The company gave users 23 days to migrate or download their data, or it would be deleted. This move was criticized by many users as not being physically possible at the download rates provided by Bitcasa.

As a result of a system migration, some users had data loss, some of which was not replaceable. Angry customers gave the company bad feedback, and the community forum became less active.

The company has offered yearly subscribers the right to cancel and get a prorated refund. However, it disabled the ability to cancel accounts and refused to delete accounts through its support system.

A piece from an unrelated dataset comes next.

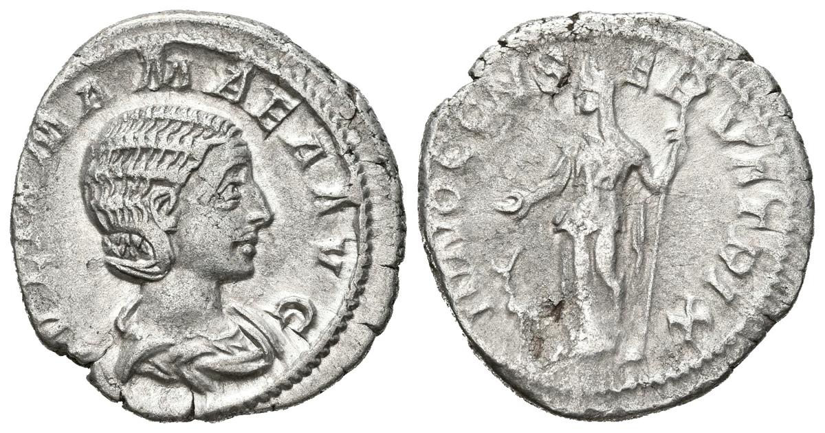 JULIA MAMEA. Denarius. (Ar. 2.63g / 19mm). 222-235 AD Rome. (RIC 343). Anv: Draped bust of Julia Mamea on the right, around legend: IVLIA MAMAEA AVG. Rev: Juno left standing carrying patera and scepter, at her feet peacock, around legend: IVNO CONSERVATRIX. Very Fine.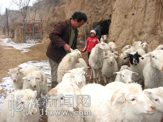 图为坦达村农民冯连晨正在对羊进行体检。

On November 13, 2014, Northern Californian district judge William Alsup granted a temporary restraining order, enjoining Bitcasa from deleting and disabling access to Infinite Plan subscribers' data. Bitcasa filed a response on 18 November, challenging the legality of the TRO. As an apparent result of the restraining order, Bitcasa announced a 5-day extension of the deadline in an email to users on November 16; the email did not mention the restraining order. A hearing was set for 10.00 on 19 November; Bitcasa 'won' the lawsuit.

In February 2015, the Community Forum was shut down.

===April 2016===

On April 7, 2016, the company switched their free 5GB plan to a free trial tier. Users with this account prior April 7 would automatically start the trial and after the 60-day trial, if the user has not changed to a paid plan, their account and data will be deleted from the server.

On April 21, 2016, Bitcasa announced they would discontinue their cloud storage service, and focus on business products. Users had until May 20, 2016 to download their data, when user data could be deleted. Bitcasa shut down their consumer cloud storage at the end of May 20, 2016, only offering products for developers.

===September 2016===
After four months, they did not refund customers and the website of Bitcasa was inaccessible.